## Data cleaning with pandas

Pandas is a python library to easily work with data. It's ideal for data cleaning and tranforming offering a wide range of methods to replace, drop, slice and merge parts or entire dataframes. This tutorial will use the data generated through our scraping operation on Rotten Tomatoes. We will quickly see how to load data, consolidate their structure, change data format and create/export smaller datasets that later will be used for visualization purposes.

This is a quick pandas overview. We won't cover statistics or data analysis tasks together right away. You can find plenty of resources on the web that will help you with more delicate and time consuming tasks, this is just a way for you to get started.

In [1]:
import pandas as pd
import numpy as np
import datetime as dt

#Disable warning after check its safety in: https://stackoverflow.com/questions/20625582/how-to-deal-with-settingwithcopywarning-in-pandas
pd.options.mode.chained_assignment = None  # default='warn'

#### Load and preview data

We can easily open a csv file by specifying its directory. If we use `pd.read_csv` we also automatically convert our file into a Dataframe that can be later manipulated.
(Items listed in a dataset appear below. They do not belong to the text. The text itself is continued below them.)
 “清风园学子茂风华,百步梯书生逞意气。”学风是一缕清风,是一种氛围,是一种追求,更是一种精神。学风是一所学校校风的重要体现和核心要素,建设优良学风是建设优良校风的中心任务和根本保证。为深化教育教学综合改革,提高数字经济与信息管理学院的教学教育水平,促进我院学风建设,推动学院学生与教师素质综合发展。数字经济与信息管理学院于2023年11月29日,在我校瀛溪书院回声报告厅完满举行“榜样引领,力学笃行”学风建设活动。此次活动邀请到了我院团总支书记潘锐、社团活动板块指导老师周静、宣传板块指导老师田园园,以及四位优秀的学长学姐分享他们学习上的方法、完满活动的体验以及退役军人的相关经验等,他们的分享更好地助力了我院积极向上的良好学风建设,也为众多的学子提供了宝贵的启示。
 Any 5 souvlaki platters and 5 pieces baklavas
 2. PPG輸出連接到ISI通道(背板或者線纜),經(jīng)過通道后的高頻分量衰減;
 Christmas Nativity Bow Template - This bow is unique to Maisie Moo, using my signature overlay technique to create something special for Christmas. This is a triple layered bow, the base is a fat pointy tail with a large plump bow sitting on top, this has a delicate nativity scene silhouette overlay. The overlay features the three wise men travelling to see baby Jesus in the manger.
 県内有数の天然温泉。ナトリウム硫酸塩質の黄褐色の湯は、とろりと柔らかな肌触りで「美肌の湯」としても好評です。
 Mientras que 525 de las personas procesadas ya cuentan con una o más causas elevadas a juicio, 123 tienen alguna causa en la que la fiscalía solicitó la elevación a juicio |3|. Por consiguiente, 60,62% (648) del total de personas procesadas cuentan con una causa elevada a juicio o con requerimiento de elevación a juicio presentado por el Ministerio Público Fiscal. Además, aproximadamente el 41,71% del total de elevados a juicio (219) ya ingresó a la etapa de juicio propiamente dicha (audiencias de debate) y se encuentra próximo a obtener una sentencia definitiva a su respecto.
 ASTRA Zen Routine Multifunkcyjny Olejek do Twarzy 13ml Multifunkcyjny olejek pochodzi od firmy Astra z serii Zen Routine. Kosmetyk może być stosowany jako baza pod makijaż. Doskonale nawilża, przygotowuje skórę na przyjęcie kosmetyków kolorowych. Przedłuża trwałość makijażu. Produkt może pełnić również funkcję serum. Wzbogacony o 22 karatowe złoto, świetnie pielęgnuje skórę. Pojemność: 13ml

We can also display data very conveniently by using `.sample()`, `.head()` or `.tail()`.

In [2]:
#Reading files
allTitles = pd.read_csv('data/old_data/movieDetailsDataRaw.csv', sep=",")

# Print a sample of rows
allTitles.sample(5)

Unnamed: 0.1,Unnamed: 0,title,critic rating,audience rating,genres,img,available
217,217,THE 24TH,78,94,"Drama, History",data/img/poster-236.jpg,"Aug 21, 2020"
135,135,HOSTS,83,53,Horror,data/img/poster-145.jpg,"Oct 2, 2020"
329,329,JOHN LEWIS: GOOD TROUBLE,96,70,Documentary,data/img/poster-357.jpg,"Jul 3, 2020"
136,136,THE DOORMAN,14,25,"Mystery And Thriller, Action",data/img/poster-146.jpg,"Oct 8, 2020"
488,488,THE RHYTHM SECTION,28,44,"Mystery And Thriller, Action",data/img/poster-533.jpg,"Jan 31, 2020"


In [3]:
# Print the first 5 rows in the dataframe
allTitles.head(5)

Unnamed: 0.1,Unnamed: 0,title,critic rating,audience rating,genres,img,available
0,0,THE EMOJI STORY,91,0,Documentary,data/img/poster-1.jpg,"Dec 22, 2020"
1,1,PROMISING YOUNG WOMAN,91,87,"Comedy, Mystery And Thriller",data/img/poster-2.jpg,"Dec 25, 2020"
2,2,YELLOW ROSE,86,82,"Drama, Music",data/img/poster-3.jpg,"Oct 9, 2020"
3,3,AMERICAN SKIN,31,97,Drama,data/img/poster-4.jpg,"Jan 15, 2021"
4,4,SOUL,96,88,"Comedy, Animation, Adventure, Kids And Family",data/img/poster-5.jpg,"Dec 25, 2020"


In [4]:
# Print the last 5 rows in the dataframe
allTitles.tail(5)

Unnamed: 0.1,Unnamed: 0,title,critic rating,audience rating,genres,img,available
535,535,ABOUT A TEACHER,100,0,Drama,data/img/poster-587.jpg,"Apr 17, 2020"
536,536,THE MAIN EVENT,26,23,Comedy,data/img/poster-588.jpg,"Apr 11, 2020"
537,537,LOVE. WEDDING. REPEAT,32,37,Comedy,data/img/poster-589.jpg,"Apr 11, 2020"
538,538,SCHOOL LIFE,90,74,"Comedy, Drama",data/img/poster-590.jpg,"Apr 11, 2020"
539,539,SHOOTING HEROIN,61,95,"Mystery And Thriller, Drama, Action",data/img/poster-591.jpg,"Apr 3, 2020"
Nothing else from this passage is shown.